Items from a dataset:
◇ ◇ ◇ ◇

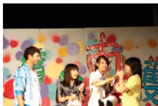
56週年校慶校慶系列活動-校慶晚會邀請藝人賴聖恩至本校同樂-98.6.1
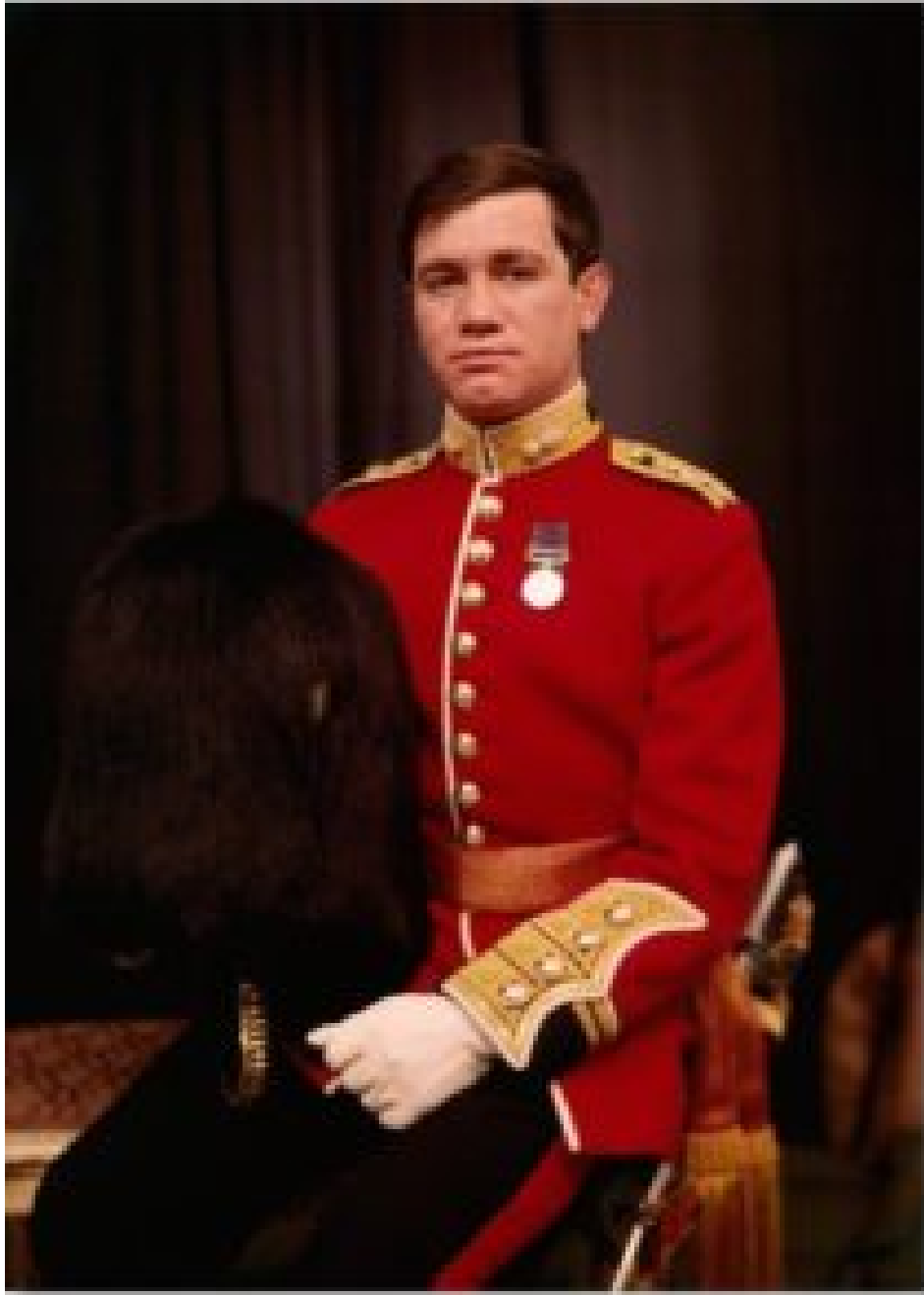
Kapitán Robert Nairac z Grenadierské gardy, později velitel jednotky britské eskadry smrti v Irsku během 70. let 20. století
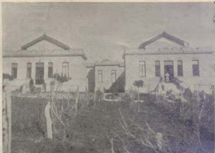
Frente del Hospital
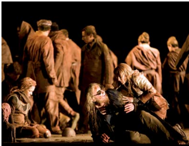
Escena de Oedipe en Bruselas
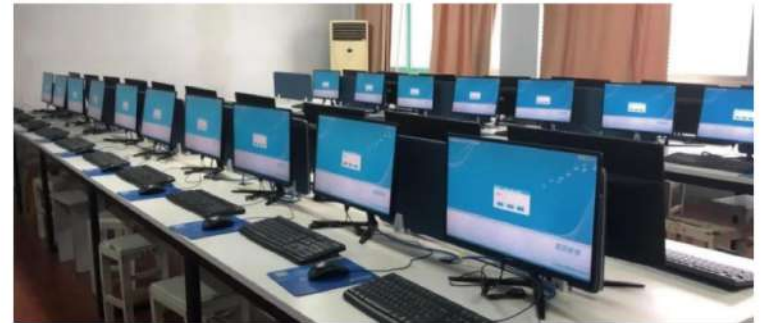
免费提供在线教育平台，发展“互联网+教育”

〈四〉稳岗就业。 积极响应省委省政府《关于积极应对新冠肺炎疫情做好稳就业工作的若干措施的通知》要求，在人员招聘、创造留人环境、提高员工技能水平等方面多措并举，稳岗就业。浪潮集团线上启动校园招聘“万人计划”，基于自研的“云+、HCMS Cloud”等平台实施“不接触 有温度”的全程在线校园招聘方式，扩大招聘岗位，助力毕业生网上求职。华特集团助力复工复产，积极与相关部门沟通协调，2020驻济各单位共计免缴200余万元社保费。中鲁食品主动开通“返岗直通车”，赴河南以“点对点、一站式”直达方式接员工返岗复工。轻工供销等其它企业通过防疫物资发放、提升员工薪资水平、实施年金计划、无减员裁员等措施，做到现有队伍不做减法、人员引进做好加法，尽一份国企责任。
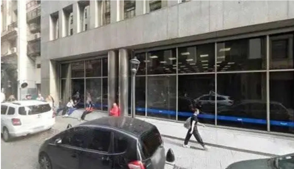
Buenos aires credits prestamos personales horario
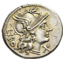
Denario 148 a.C. Crawford 915/1

En época republicana en el anverso figuraba el nombre del monedero. Puede aparecer todo en el reverso o aparecer el cognomen en el anverso. En el reverso también puede aparecer la filiación.
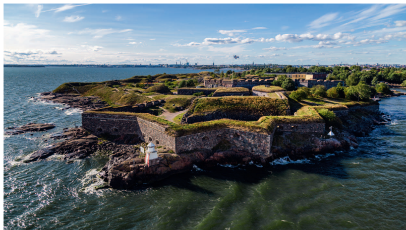
↑ Свеаборг-Суоменлинна с высоты птичьего полета

Хотите не только подышать свежим балтийским воздухом, но и проникнуться историей? Отправляйтесь в крепость Суоменлинна, или Свеаборг. Первый вариант названия — финский, второй — шведский. Эти мощные укрепления на островах, известных как Волчы шхеры, были построены в XVIII столетии, во времена, когда финские земли входили в состав Швеции. Они прикрывали с моря город Хельсинки, который именовался тогда Гельсингфорсом. Сейчас крепость внесена в список Всемирного наследия ЮНЕСКО, на ее территории работает несколько музеев: например, Военный музей, посвященный истории войн XX столетия, а также настоящая подводная лодка «Весикко».
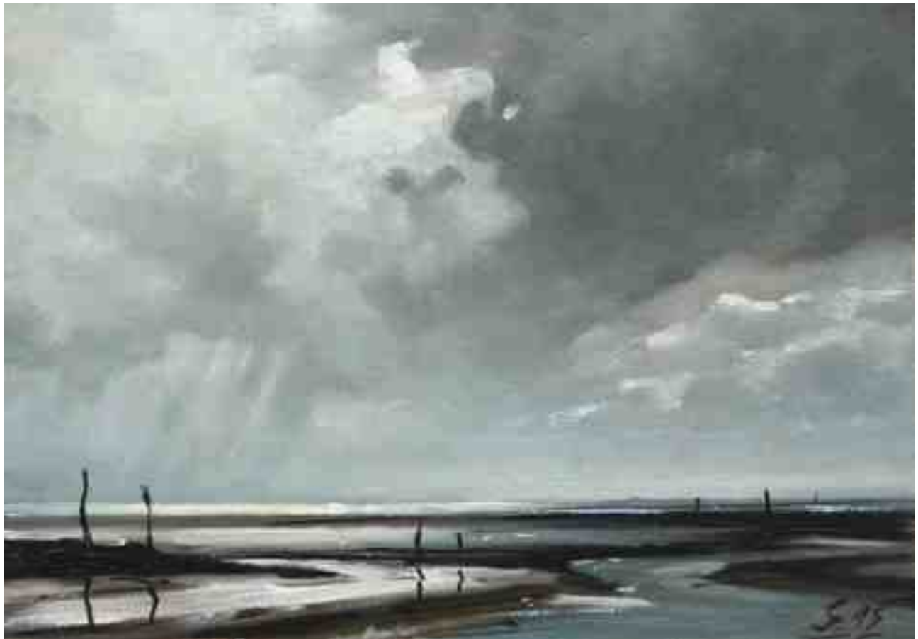
Watt Gegenlicht 2015 | Öl/Karton | 14 x 20 cm
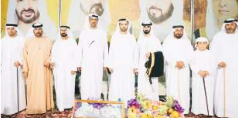
ولي عهد رأس الخيمة خلال حضوره أفراح الحبسي
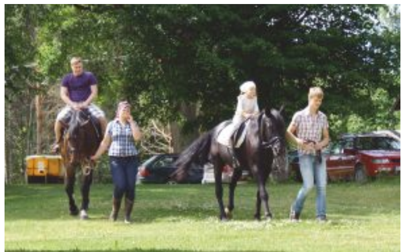
Gaidot, kamēr izcepsies pīrādziņi, viesi laiku velti netērēja, bet labprāt pavadīja laiku, sēžot «Drostalu» zirga mugurā.

◇ ◇ ◇ ◇

* _TASK OBJECTIVE_:
Nothing but the records themselves, exact and complete, should be returned; leave the pictures out.

* _FINAL ANSWER_:
56週年校慶校慶系列活動-校慶晚會邀請藝人賴聖恩至本校同樂-98.6.1
Kapitán Robert Nairac z Grenadierské gardy, později velitel jednotky britské eskadry smrti v Irsku během 70. let 20. století
Frente del Hospital
Escena de Oedipe en Bruselas
免费提供在线教育平台，发展“互联网+教育”

〈四〉稳岗就业。 积极响应省委省政府《关于积极应对新冠肺炎疫情做好稳就业工作的若干措施的通知》要求，在人员招聘、创造留人环境、提高员工技能水平等方面多措并举，稳岗就业。浪潮集团线上启动校园招聘“万人计划”，基于自研的“云+、HCMS Cloud”等平台实施“不接触 有温度”的全程在线校园招聘方式，扩大招聘岗位，助力毕业生网上求职。华特集团助力复工复产，积极与相关部门沟通协调，2020驻济各单位共计免缴200余万元社保费。中鲁食品主动开通“返岗直通车”，赴河南以“点对点、一站式”直达方式接员工返岗复工。轻工供销等其它企业通过防疫物资发放、提升员工薪资水平、实施年金计划、无减员裁员等措施，做到现有队伍不做减法、人员引进做好加法，尽一份国企责任。
Buenos aires credits prestamos personales horario
Denario 148 a.C. Crawford 915/1

En época republicana en el anverso figuraba el nombre del monedero. Puede aparecer todo en el reverso o aparecer el cognomen en el anverso. En el reverso también puede aparecer la filiación.
↑ Свеаборг-Суоменлинна с высоты птичьего полета

Хотите не только подышать свежим балтийским воздухом, но и проникнуться историей? Отправляйтесь в крепость Суоменлинна, или Свеаборг. Первый вариант названия — финский, второй — шведский. Эти мощные укрепления на островах, известных как Волчы шхеры, были построены в XVIII столетии, во времена, когда финские земли входили в состав Швеции. Они прикрывали с моря город Хельсинки, который именовался тогда Гельсингфорсом. Сейчас крепость внесена в список Всемирного наследия ЮНЕСКО, на ее территории работает несколько музеев: например, Военный музей, посвященный истории войн XX столетия, а также настоящая подводная лодка «Весикко».
Watt Gegenlicht 2015 | Öl/Karton | 14 x 20 cm
ولي عهد رأس الخيمة خلال حضوره أفراح الحبسي
Gaidot, kamēr izcepsies pīrādziņi, viesi laiku velti netērēja, bet labprāt pavadīja laiku, sēžot «Drostalu» zirga mugurā.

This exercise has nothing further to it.